» TASK: Your answer must be the exact lines from the one with "Rines con diseño" to the end of the data, both included, with no pictures.

Data excerpts:

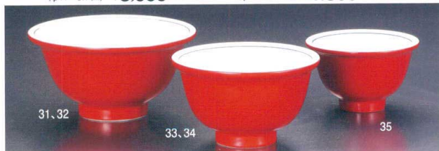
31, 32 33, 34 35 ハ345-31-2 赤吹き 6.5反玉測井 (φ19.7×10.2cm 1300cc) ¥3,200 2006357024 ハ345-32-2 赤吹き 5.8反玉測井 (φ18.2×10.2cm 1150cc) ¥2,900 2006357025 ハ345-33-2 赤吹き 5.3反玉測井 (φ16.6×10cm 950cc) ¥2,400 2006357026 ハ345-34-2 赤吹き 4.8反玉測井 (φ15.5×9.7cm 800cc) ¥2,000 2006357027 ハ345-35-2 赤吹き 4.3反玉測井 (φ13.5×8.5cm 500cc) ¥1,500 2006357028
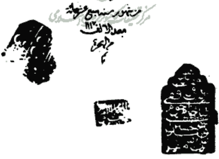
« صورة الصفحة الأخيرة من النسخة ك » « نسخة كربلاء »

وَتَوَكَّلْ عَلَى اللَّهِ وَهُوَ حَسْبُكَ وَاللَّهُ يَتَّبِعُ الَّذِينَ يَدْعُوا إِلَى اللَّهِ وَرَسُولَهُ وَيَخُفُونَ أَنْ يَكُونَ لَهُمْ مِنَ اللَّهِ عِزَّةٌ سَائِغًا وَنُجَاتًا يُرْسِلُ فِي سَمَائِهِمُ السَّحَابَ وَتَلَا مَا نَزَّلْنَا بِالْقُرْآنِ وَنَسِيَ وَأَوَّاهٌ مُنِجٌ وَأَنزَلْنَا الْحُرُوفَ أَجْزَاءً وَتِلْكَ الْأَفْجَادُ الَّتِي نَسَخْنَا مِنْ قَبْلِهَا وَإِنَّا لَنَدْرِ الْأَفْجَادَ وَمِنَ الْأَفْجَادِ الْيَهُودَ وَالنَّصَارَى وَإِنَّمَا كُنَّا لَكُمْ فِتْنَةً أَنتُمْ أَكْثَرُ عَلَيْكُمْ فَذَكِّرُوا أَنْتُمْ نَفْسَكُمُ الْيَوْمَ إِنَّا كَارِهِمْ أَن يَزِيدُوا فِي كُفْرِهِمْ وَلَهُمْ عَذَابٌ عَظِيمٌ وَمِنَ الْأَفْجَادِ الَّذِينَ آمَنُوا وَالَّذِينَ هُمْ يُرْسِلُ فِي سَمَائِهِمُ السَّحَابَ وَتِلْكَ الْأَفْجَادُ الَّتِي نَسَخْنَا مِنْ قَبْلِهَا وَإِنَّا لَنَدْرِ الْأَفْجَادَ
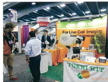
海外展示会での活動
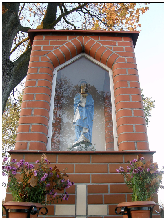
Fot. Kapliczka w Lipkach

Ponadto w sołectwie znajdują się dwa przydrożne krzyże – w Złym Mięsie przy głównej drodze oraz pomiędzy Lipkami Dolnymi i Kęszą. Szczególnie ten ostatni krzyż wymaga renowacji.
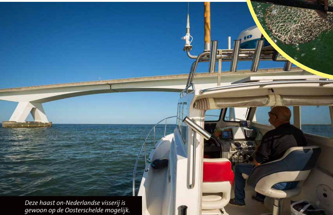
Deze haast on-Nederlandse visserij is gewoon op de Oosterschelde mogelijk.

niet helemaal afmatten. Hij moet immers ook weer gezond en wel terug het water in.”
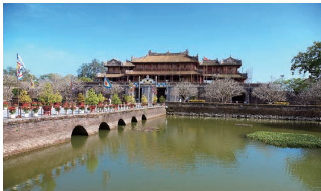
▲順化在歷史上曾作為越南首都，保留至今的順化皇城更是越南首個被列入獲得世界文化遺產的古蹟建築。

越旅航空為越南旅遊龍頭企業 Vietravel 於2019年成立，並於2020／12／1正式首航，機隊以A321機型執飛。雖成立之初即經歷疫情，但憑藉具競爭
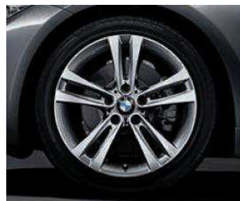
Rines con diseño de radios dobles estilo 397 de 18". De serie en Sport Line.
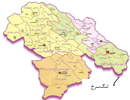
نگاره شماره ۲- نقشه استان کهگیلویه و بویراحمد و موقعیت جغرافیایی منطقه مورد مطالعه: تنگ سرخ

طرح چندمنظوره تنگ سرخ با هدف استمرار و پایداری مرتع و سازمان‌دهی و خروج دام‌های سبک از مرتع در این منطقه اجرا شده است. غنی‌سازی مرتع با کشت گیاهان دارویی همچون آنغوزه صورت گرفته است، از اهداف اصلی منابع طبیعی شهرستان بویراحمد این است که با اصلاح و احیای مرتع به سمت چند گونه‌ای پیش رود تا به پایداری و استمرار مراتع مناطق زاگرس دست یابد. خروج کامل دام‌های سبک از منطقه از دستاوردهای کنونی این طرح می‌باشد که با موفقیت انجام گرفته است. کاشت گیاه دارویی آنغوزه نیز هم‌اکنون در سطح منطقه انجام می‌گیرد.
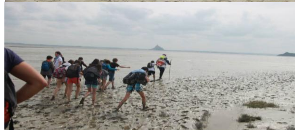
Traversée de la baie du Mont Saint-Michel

» SOLUTION FOR THIS EXERCISE:
Rines con diseño de radios dobles estilo 397 de 18". De serie en Sport Line.
نگاره شماره ۲- نقشه استان کهگیلویه و بویراحمد و موقعیت جغرافیایی منطقه مورد مطالعه: تنگ سرخ

طرح چندمنظوره تنگ سرخ با هدف استمرار و پایداری مرتع و سازمان‌دهی و خروج دام‌های سبک از مرتع در این منطقه اجرا شده است. غنی‌سازی مرتع با کشت گیاهان دارویی همچون آنغوزه صورت گرفته است، از اهداف اصلی منابع طبیعی شهرستان بویراحمد این است که با اصلاح و احیای مرتع به سمت چند گونه‌ای پیش رود تا به پایداری و استمرار مراتع مناطق زاگرس دست یابد. خروج کامل دام‌های سبک از منطقه از دستاوردهای کنونی این طرح می‌باشد که با موفقیت انجام گرفته است. کاشت گیاه دارویی آنغوزه نیز هم‌اکنون در سطح منطقه انجام می‌گیرد.
Traversée de la baie du Mont Saint-Michel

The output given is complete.